INFORMATION SUPPLIED:
---------------

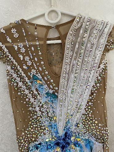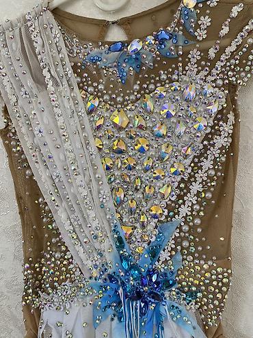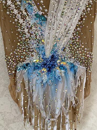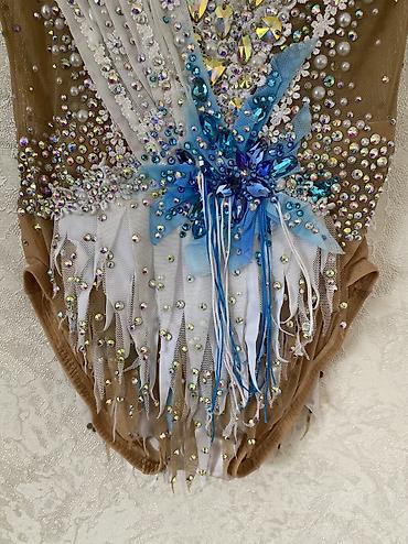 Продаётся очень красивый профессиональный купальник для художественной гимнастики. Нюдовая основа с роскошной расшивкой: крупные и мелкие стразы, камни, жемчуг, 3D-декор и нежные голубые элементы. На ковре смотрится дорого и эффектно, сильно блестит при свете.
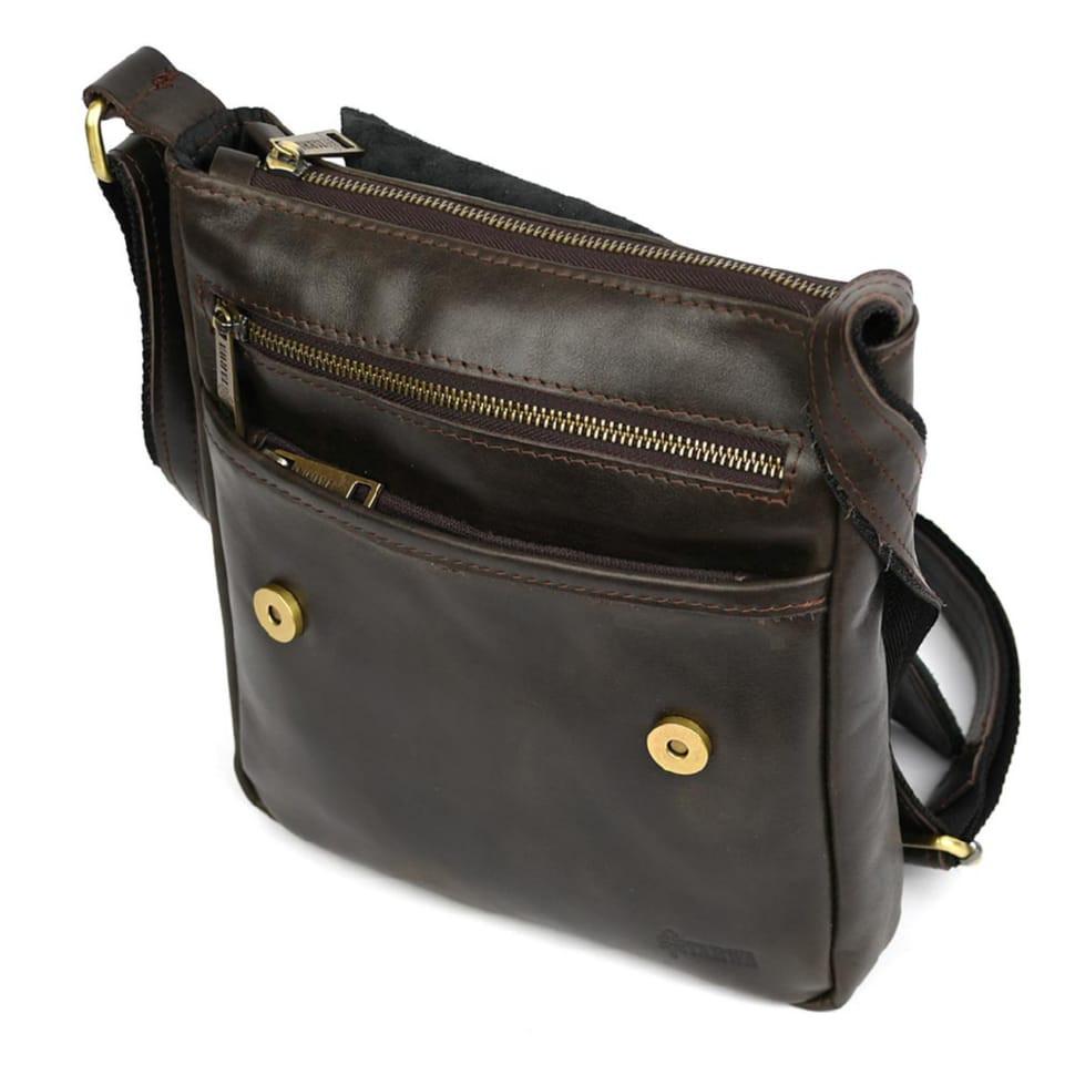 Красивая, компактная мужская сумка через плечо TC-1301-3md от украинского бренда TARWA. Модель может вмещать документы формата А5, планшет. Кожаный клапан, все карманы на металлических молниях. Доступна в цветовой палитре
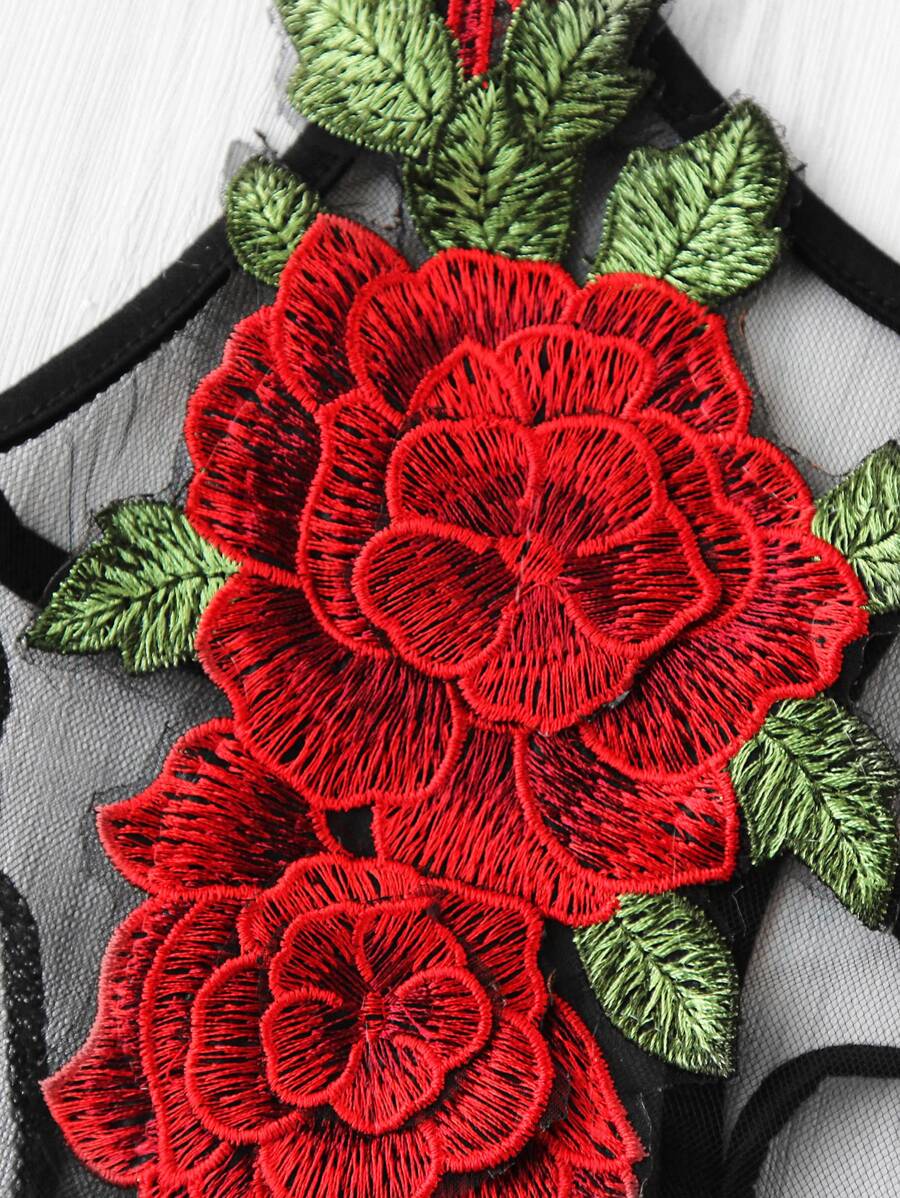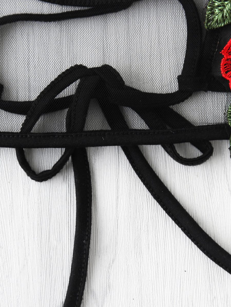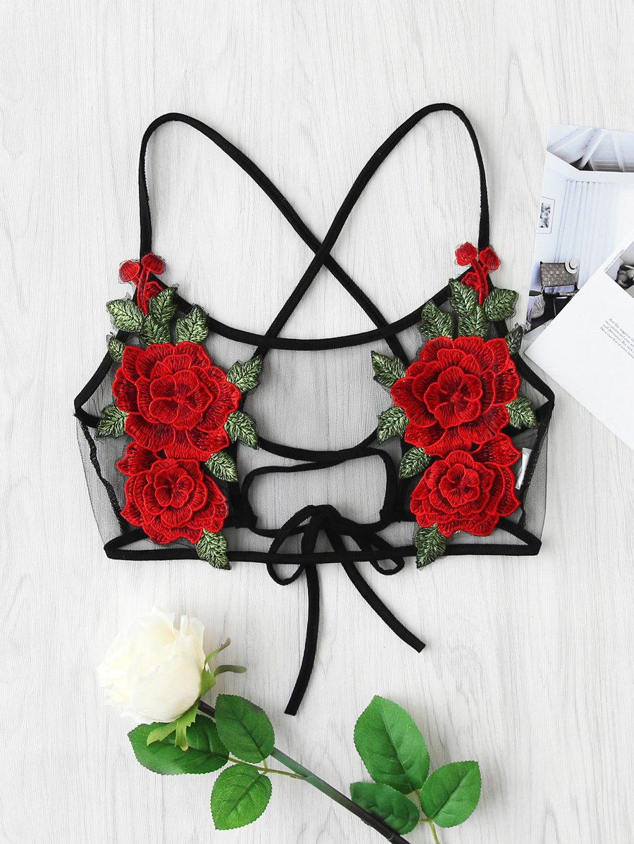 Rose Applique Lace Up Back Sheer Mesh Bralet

---------------

TASK: Apart from the pictures, all of the data should be repeated exactly.

TASK SOLUTION:
 Продаётся очень красивый профессиональный купальник для художественной гимнастики. Нюдовая основа с роскошной расшивкой: крупные и мелкие стразы, камни, жемчуг, 3D-декор и нежные голубые элементы. На ковре смотрится дорого и эффектно, сильно блестит при свете.
 Красивая, компактная мужская сумка через плечо TC-1301-3md от украинского бренда TARWA. Модель может вмещать документы формата А5, планшет. Кожаный клапан, все карманы на металлических молниях. Доступна в цветовой палитре
 Rose Applique Lace Up Back Sheer Mesh Bralet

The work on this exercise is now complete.